At CES 2026, health tech startup Vivoo just turned the everyday menstrual pad into a medical device. The company's new FlowPad measures follicle-stimulating hormone (FSH) levels directly on the pad itself, letting users track fertility and hormonal health without a lab visit. At $4 to $5 per pad, it's betting that women want reproductive insights built into something they're already using.
The menstrual pad just got a lot smarter. At CES 2026, health tech startup Vivoo announced the FlowPad, a roughly $4 to $5 menstrual pad that doubles as an at-home hormone test for follicle-stimulating hormone (FSH). Users can view results directly from the pad itself or snap a photo with the Vivoo app for deeper insights into their hormonal patterns.
Wellness tech companies have been getting increasingly aggressive about turning bodily fluids into health data points. From sweat to saliva to blood, the market's been flooded with devices trying to extract actionable health information from whatever the body produces. But embedding a hormone test directly into something people use multiple times a month? That's a different kind of genius, or at least a different kind of audacious.
"We started as a vaginal pH tracking liner for your panties that would change color with vaginal discharge," Vivoo CEO and cofounder Miray Tayfun tells The Verge. "It's evolved into a period pad with microfluidic channels that capture blood, and under the pad, there's a window that shows your FSH levels." The concept sounds simple enough, but the engineering underneath is where things get complex.

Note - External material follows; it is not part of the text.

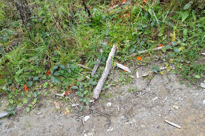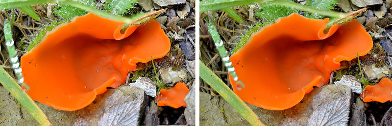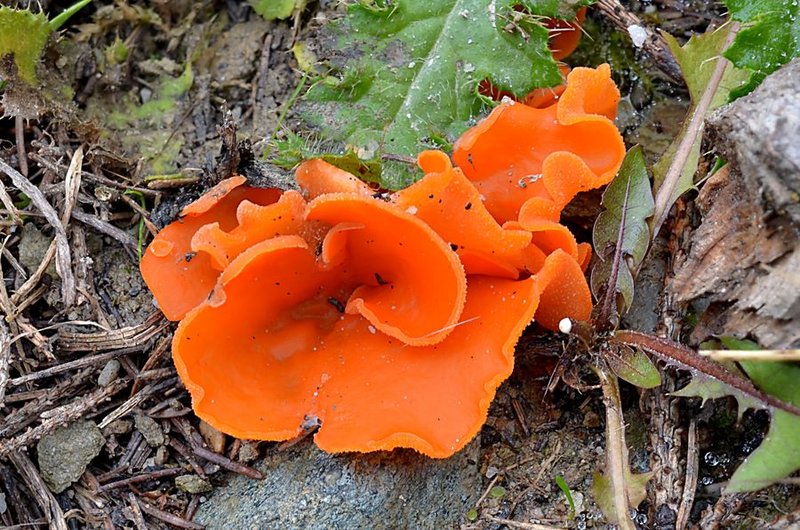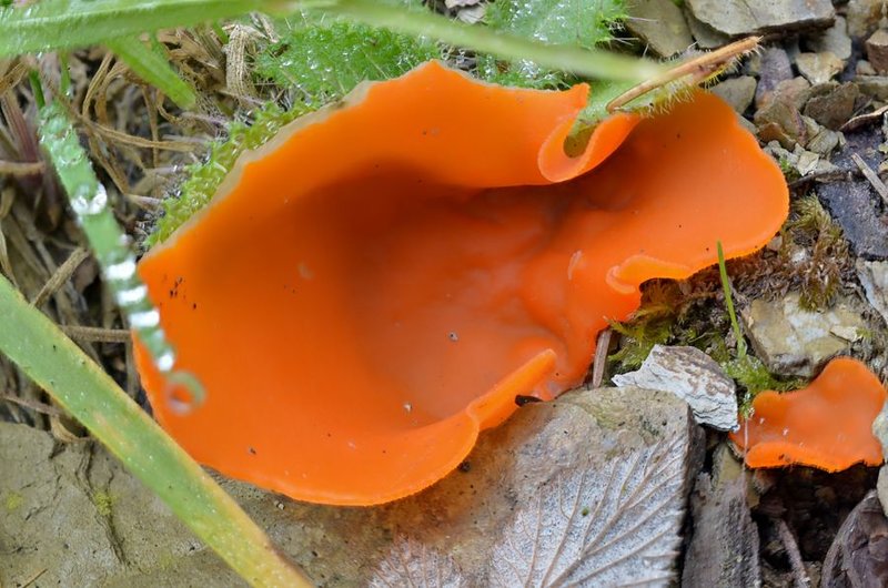 Ein Wegstreifen mit Orangebecherlingen Aleuria aurantia,

The main challenge? Blood dries fast. Most at-home blood tests require users to dilute samples with a solution before testing. Vivoo had to solve that problem while keeping the pad thin enough to actually wear. The solution involved a two-layer design. The first layer, what they call a "capillary capture layer," draws in blood and filters out particulates. The second layer, the "biomarker reaction layer," contains stabilized reagents that chemically react with the blood to detect FSH levels. Essentially, you bleed into the pad during your normal day, and when you change it, you get your results displayed in a window on the back that looks remarkably similar to a pregnancy test.
Tayfun emphasized that the real innovation here isn't just the technology but the philosophy behind it. "The main goal here is to make one hygienic pad less than $5, so a period won't cost you more than $30," she told The Verge. It's a pointed reminder that menstrual products remain expensive for many people, and adding $50+ in testing costs on top of that isn't realistic for widespread adoption.